I am reading this document and in the section "Aliasing and Anti-Aliasing", the author make the following statement:

Consider a signal with two frequency components: $f_1 = 10\,\text{Hz}$ which is our desired signal and $f_2 = 20\,\text{Hz}$ which is noise. Let's say that we sample the signal at $f_s = 30\,\text{Hz}$. The first frequency component, $f_1$, will generate the following frequency components at the output of the multiplier, $10\,\text{Hz}, 20\,\text{Hz}, 40\,\text{Hz}, 50\,\text{Hz}, 70\,\text{Hz}$ and so on. The second frequency component $f_2 = 20\,\text{Hz}$ will generate the following frequency components at the output of the multiplier, $20\,\text{Hz}, 10\,\text{Hz}, > 50\,\text{Hz}, 40\,\text{Hz}, 80\,\text{Hz}$ and so on.

It's probably obvious to most but could someone explain where those generated frequency components come from. Thanks.

The background is that I've started reading Richard Lyons' DSP text and I really like it so far except that now I hit the bandpass sampling section and I didn't follow it. So, I've been looking for other material. If anyone knows of some good material ( books or papers ) on bandpass sampling ( I've printed out the dsp.stackexchange material and will check that out next ), it's appreciated.

Answer 1

The frequencies are $\left|10\,\mathrm{Hz}+k\cdot30\,\mathrm{Hz}\right|, k\in \mathbb{Z}$ and the same for $20\,\mathrm{Hz}$.

Note that real signals always have (complex conjugate) signal components for positive and negative frequencies, so a $10\,\mathrm{Hz}$ signal has components at $\pm10\,\mathrm{Hz}$. Consequently aliasing in a $30\,\mathrm{Hz}$ grid will also reach $\mp 20\,\mathrm{Hz}$.

Answer 2

Just as a reminder, which could help you solve the confusion: The mathematical equation used to model the sampling process is the impulse train modulation, which could be stated in the simplest sense as:

$$ x_s(t) = \delta_{T_s}(t) \cdot x_c(t) = \left( \sum_{k=-\infty}^{\infty} \delta(t-kT) \right) x_c(t) $$ where $x_c(t)$ is the bandlimited continuous time function and $x_s(t)$ is the sampled version which is still a continuous time signal (not yet converted into a sequence of samples).

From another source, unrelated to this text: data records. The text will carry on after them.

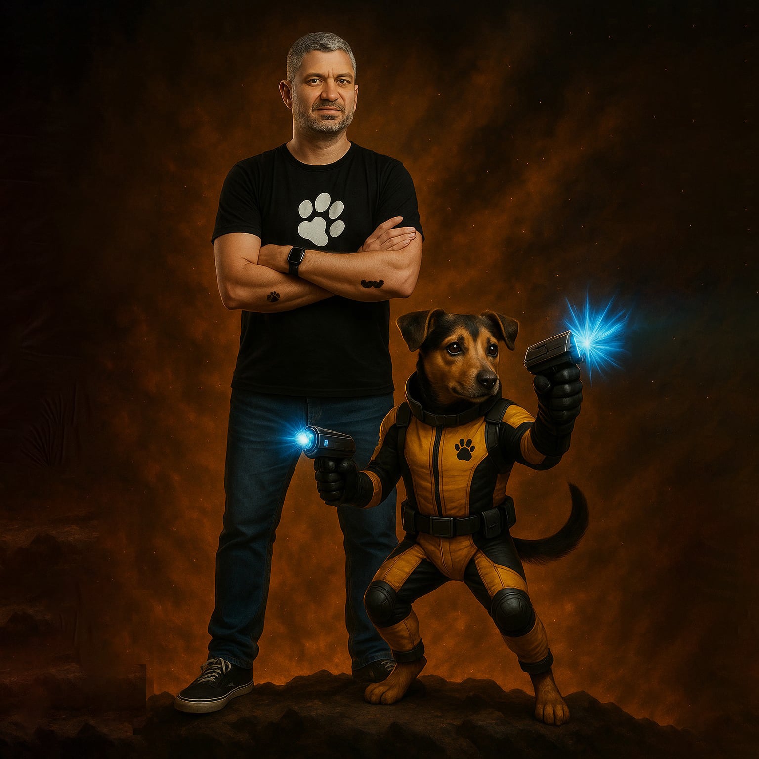 O publicitário e cartunista Tiago de Moraes das Chagas, fundador da Mustache Marketing e da Mustache Comics, é o tutor e criador que transformou a convivência com Pituco em um legado cultural.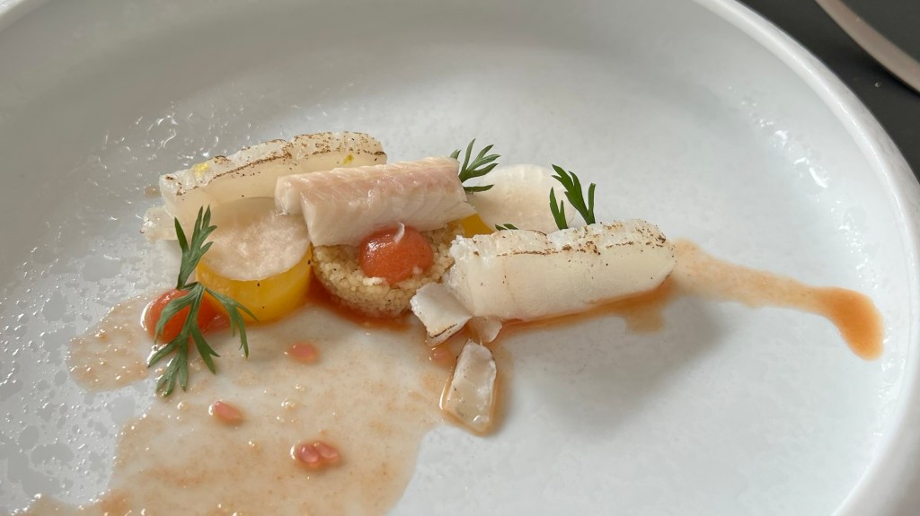 Next was haddock with smoked eel, kohlrabi, tomato, and couscous. The fish had a perfect cuisson, but this was my least favorite dish of the menu because I didn’t really get the combination of components.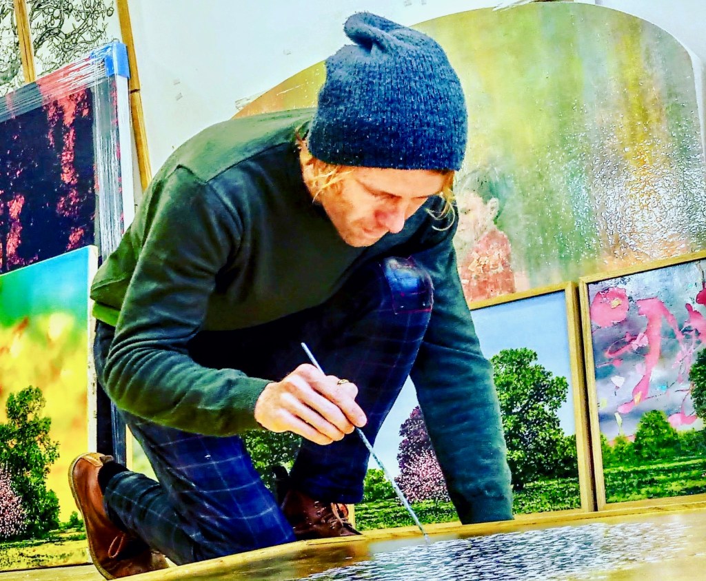 Is a British artist working within the traditions of painting, drawing, sculpture and printmaking. A graduate of KIAD and The Glasgow School of Art, his dark figurative landscapes with ambiguous narratives are amplified with a synthetic spectral use of colour. With their lyrical subjectivity and epic monumentality they echo the language of master painting in a haunting and profound way. His work explores emotive contemporary questions regarding the transcendent nature and timeless aspects of the human condition.

The spectrum of the sampled signal $x_s(t)$ can be derived based on a number of ways for which the most standard notation is simplified as the following: $$ X_s(f) =\mathcal{FT} \{ x_s(t) \} = \mathcal{FT} \{ \delta_{T_s}(t) \cdot x_c(t) \} \implies \left( \sum_{k=-\infty}^{\infty} \delta(f - k f_s) \right) \star X_c(f) $$

and therefore it follows that: $$ X_s(f) = K \sum_{k=-\infty}^{\infty} X_c(f - k f_s) $$ where $K$ is some linear scaling. So this shows why the spectrum of teh sampled signal contains shifted copies of the original spectrum at multiple shifts of sampling frequency $f_s$. In your example $f_s = 30$ Hz. So the spectrum will shift by $30$ Hz hoppings.

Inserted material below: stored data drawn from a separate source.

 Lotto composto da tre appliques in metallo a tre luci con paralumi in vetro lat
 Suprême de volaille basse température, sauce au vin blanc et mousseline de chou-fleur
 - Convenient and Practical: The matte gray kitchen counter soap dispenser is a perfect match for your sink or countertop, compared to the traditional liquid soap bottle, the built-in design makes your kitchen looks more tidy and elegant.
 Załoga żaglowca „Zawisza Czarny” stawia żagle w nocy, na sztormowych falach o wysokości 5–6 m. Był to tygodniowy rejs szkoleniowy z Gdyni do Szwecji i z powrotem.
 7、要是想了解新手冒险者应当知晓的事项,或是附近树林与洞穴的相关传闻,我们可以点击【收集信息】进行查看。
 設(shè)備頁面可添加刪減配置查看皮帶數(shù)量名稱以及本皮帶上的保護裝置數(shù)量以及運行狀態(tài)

Your example involves two ideal (infinitely long) sinusoidal components whose Fourier transforms are $$ x_1(t) = \cos(2\pi 10 t) \implies X_1(f) = 0.5\delta(f-10) + 0.5\delta(f+10) $$ and $$ x_2(t) = \cos(2\pi 20 t) \implies X_2(f) = 0.5\delta(f-20) + 0.5\delta(f+20) $$

Note that each component's spectrum has two impulses located in frequency at $\pm f_0$ Hertz respectively. Now it's up to you to sketch those impulses shifted by $\pm k 30 $ Hz hops and to see the resulting spectrum...